> DIRECTIONS:
The following data has a line with "因为IPv4头是允许可变长度" and a line with "トラベルスリッパや携帯スリッ". Write out exactly those lines and all the lines between them.

> MATERIAL PROVIDED:
--------------------------------
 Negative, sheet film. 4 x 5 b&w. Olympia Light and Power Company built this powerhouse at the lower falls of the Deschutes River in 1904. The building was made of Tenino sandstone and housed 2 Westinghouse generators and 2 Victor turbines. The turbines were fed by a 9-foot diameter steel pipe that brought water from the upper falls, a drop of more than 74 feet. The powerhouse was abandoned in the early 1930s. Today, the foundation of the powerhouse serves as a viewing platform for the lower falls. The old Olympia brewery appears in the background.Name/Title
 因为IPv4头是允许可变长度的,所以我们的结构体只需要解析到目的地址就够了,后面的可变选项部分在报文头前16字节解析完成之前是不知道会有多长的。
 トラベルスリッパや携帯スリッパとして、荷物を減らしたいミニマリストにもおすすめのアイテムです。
--------------------------------
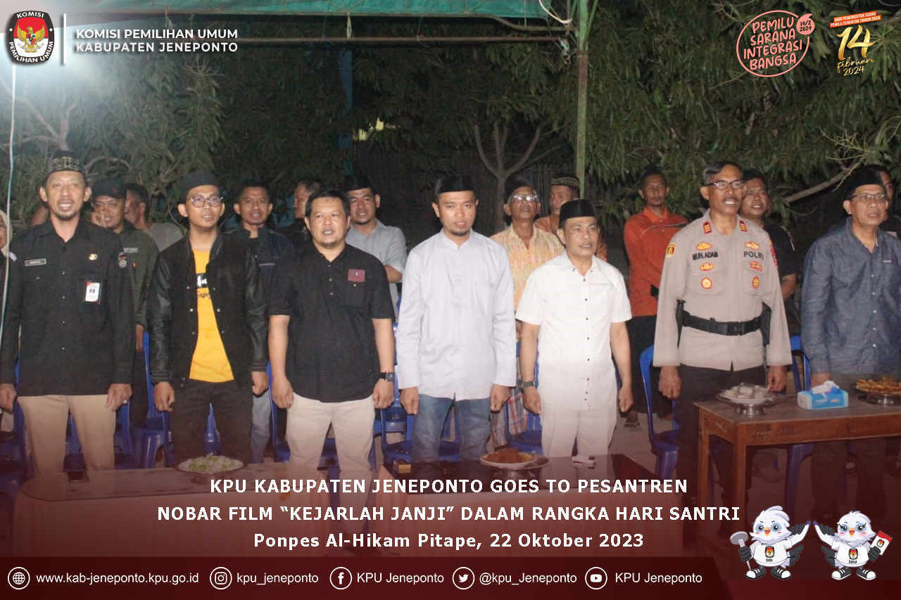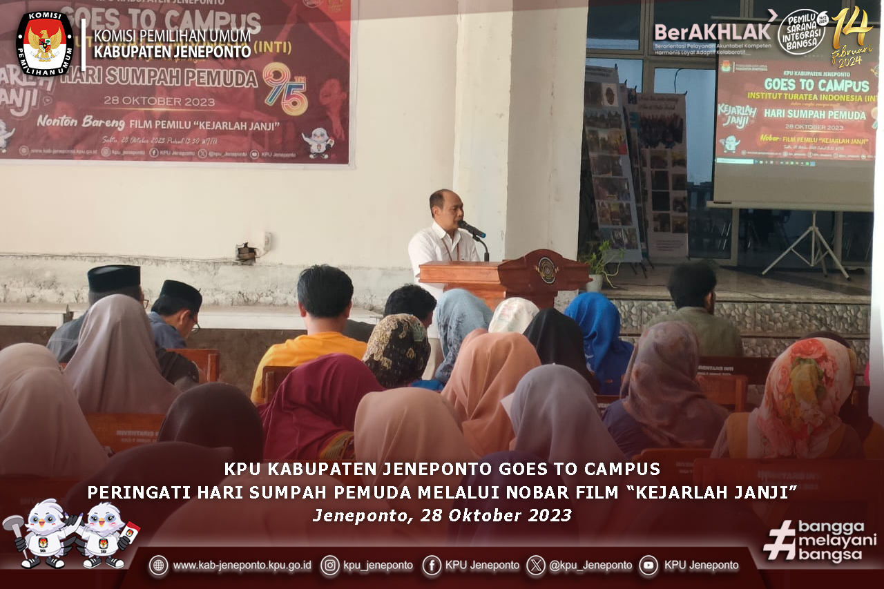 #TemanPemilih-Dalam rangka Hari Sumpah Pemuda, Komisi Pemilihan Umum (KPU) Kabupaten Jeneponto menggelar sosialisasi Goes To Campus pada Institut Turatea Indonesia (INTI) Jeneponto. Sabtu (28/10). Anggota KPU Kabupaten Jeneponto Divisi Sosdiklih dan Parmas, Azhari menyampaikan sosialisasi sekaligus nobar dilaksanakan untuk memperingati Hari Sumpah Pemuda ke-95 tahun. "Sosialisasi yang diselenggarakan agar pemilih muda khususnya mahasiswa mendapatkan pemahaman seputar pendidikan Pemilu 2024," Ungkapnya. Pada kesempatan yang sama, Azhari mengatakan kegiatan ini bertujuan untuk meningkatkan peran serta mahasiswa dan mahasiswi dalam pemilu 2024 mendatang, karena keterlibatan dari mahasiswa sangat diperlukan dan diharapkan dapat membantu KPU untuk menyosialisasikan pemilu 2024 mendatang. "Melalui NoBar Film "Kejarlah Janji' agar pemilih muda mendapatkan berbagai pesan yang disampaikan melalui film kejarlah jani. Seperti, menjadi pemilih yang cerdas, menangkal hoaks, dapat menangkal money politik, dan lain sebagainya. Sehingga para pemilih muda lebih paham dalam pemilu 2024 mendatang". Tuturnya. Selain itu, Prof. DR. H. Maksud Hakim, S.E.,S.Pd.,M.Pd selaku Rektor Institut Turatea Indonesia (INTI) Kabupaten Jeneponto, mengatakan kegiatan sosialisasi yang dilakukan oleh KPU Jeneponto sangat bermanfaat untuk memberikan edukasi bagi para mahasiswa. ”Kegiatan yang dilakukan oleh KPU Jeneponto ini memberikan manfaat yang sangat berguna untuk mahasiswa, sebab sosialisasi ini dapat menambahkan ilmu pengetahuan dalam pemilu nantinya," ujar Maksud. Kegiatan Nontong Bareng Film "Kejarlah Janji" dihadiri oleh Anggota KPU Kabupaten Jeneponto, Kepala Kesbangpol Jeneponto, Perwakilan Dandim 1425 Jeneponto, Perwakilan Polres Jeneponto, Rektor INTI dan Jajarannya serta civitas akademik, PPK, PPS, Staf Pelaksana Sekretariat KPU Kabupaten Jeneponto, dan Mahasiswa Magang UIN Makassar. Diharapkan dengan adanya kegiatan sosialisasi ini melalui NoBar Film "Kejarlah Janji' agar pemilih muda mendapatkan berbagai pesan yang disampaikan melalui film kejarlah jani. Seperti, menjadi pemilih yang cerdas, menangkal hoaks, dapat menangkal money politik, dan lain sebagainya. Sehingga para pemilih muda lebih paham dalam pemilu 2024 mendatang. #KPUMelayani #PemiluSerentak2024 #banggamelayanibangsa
--------------------------------
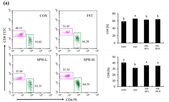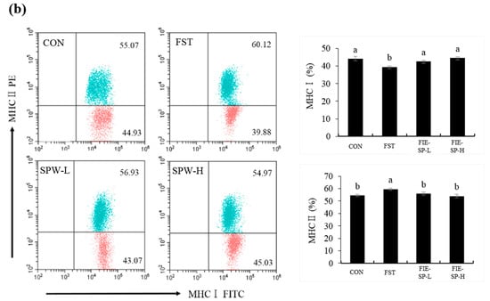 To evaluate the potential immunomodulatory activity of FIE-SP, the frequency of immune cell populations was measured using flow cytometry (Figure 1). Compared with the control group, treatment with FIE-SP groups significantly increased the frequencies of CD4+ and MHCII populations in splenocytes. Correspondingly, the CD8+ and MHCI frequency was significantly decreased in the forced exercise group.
--------------------------------
> REPLY TO THE TASK:
 因为IPv4头是允许可变长度的,所以我们的结构体只需要解析到目的地址就够了,后面的可变选项部分在报文头前16字节解析完成之前是不知道会有多长的。
 トラベルスリッパや携帯スリッパとして、荷物を減らしたいミニマリストにもおすすめのアイテムです。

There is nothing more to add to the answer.